Zejia Weng, Xitong Yang, Ang Li, Zuxuan Wu, Yu-Gang Jiang

[Paper] [Supp]

Introduction

We introduce a joint semi-supervised learning framework, Semiformer, which contains a transformer stream, a convolutional stream and a carefully designed fusion module for knowledge sharing between these streams. The convolutional stream is trained on limited labeled data and further used to generate pseudo labels to supervise the training of the transformer stream on unlabeled data.
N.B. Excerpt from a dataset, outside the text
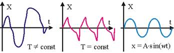 Колебания называются периодическими, если значения физических величин, изменяющихся в процессе колебаний, повторяются через равные промежутки времени рис.1. (В противном случае колебания называются апериодическими). Выделяют важный частный случай гармонических колебаний (рис.1).

The main framework of the Semiformer is shown as following:

Dependent Packages

PyTorch 1.7.0+ and torchvision 0.8.1+ and pytorch-image-models 0.3.2

Log and Checkpoint downloaded

The best performance of semiformer in 10%-ImageNet SSL learning is 75.5%. We upload the training log and the corresponding checkpoint, which can be downloaded through the following links:

Data Preparation

Download and extract ImageNet train and val images from http://image-net.org/. The directory structure of the ImageNet data is expected as:

/path/to/imagenet
  train/
    class 1/
    class 2/
    ...
    class 1000/
  val/
    class 1/
    class 2/
    ...
    class 1000/

Evaluation

Download the checkpoint and evaluate the model by the script "/script/eval.sh". You will get the 75.5% Top1 Accuracy. Training process is recorded here.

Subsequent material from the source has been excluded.